Welcome

Hello, my name is Dhun (Dune) Sheth and I am an experienced data analyst with a proven track record in leading and managing teams within an agile framework. My educational background is rooted in mathematics, statistics, and data science methodologies, holding a Bachelor of Applied Science in Engineering Mathematics, Statistics, and Finance from the University of Toronto (Class of June 2020). I am currently pursuing a Master of Data Science at the University of British Columbia (Expected Graduation: April 2024).

My technical skills encompass machine learning, advanced regression, and proficiency in languages such as Python, R, and SQL. I am well-versed in cloud platforms like AWS, Google Cloud and Snowflake, and I have hands-on experience with data analytics tools such as Google Analytics and Adobe Analytics.

In my professional journey, I've demonstrated expertise in web and business analytics, leading technical implementations, managing deployment pipelines, and contributing to data-driven decision-making processes. I've collaborated with cross-functional teams in dynamic environments and showcased my abilities in automating processes, ensuring efficient operations.
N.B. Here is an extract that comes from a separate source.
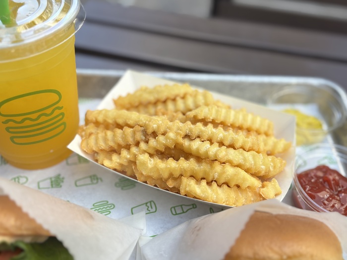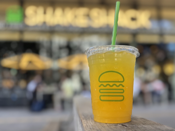 お店で丁寧に仕込んでいる、シェイク シャックのオリジナルレモネードに、マンゴーピューレをミックスしたドリンク「マンゴーレモネード」。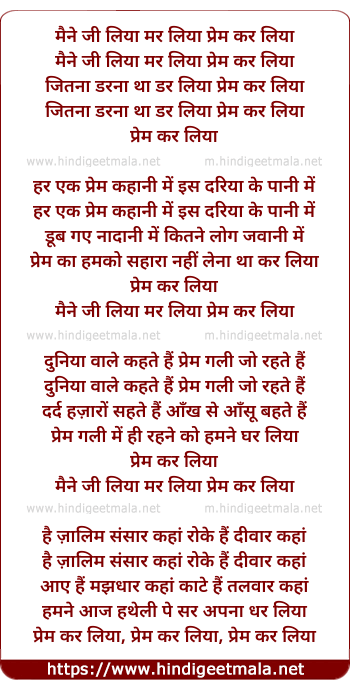 Lyrics of Maine Jee Liya Mar Liya Prem Kar Liya - मैने जी लिया मर लिया प्रेम कर लिया

Feel free to explore my diverse skill set and accomplishments showcased in various projects, such as analyzing US Health Insurance Charges and conducting Survey Response Analysis using machine learning algorithms.

Want to connect with me?

  1. Email: shethdhun1997@gmail.com
  2. LinkedIn: LinkedIn Profile

Thank you for taking the time to learn more about my professional journey.

Skills

  • Statistical Modeling

    • Generalized Linear Model
    • Generalized Additive Model
    • Smoothing and Splines
    • Kernal Density Estimation

    Packages: statsmodels, scipy, sklearn

    Clustering

    • Hierarchical Clustering
    • K-Means / Partition Clustering
    • Mixture Models
    • Principal Component Analysis (Dimensionality Reduction)

    Packages: stats, mclust

  • Classification

    • Linear Discriminant Analysis
    • Quadratic Discriminant Analysis
    • K-Nearest Neighbors
    • Random Forest

    Packages: MASS, randomForest, Ranger

    Regression

    • Linear Regression
    • Ridge/Lasso Regression
    • Gradient Boosting Machine

    Packages: glmnet, gbm

    Data Analytics

    • Adobe / Google Analytics
    • Tableau / Python Dash
    • Salesforce
  • Languages

    • Python (Pandas, NumPy)
    • R
    • SQL / NoSQL
    • HTML / CSS / JS

    Tools

    • Github / Github Actions
    • Bash
    • Heroku
    • JIRA / Kanbanize
    • Travis CI

    Cloud

    • AWS Cloud Practitioner
    • AWS EMR / Hadoop
    • Snowflake
    • Google Cloud

Projects

Chicago Bike Sharing Dash Application

App Link
Github Project Repo

The following project is a dashboard created using Python Dash, and deployed on Heroku. The goal is to help visualize the ride data to help business stakeholders answer key decisions including:

  1. What stations are the most popular?
  2. When are they popular?
  3. Are there particular stations that customers usually start their rides at and end at?
  4. What is the bike availability at "hot" stations, how can we better re-shuffle bike inventory to maximize bike availability at stations?

Challenges:
The biggest challenge with the project was dealing with 1 year's worth of data (more than 3 million rows). Some techniques used to reduce the memory load included pre-calculating metrics for plotting, multi-indexing, and storing data as parquet files for efficient storage. In addition, with Heroku deployment, storing files on GitHub in LFS format, and reading them directly helped speed up app deployment. However, ultimately, due to the sheer size, rather than using 1 years worth of data, a reduced amount of 4 months had to be used to stay under the Heroku 512mb memory limit to prevent the app from crashing.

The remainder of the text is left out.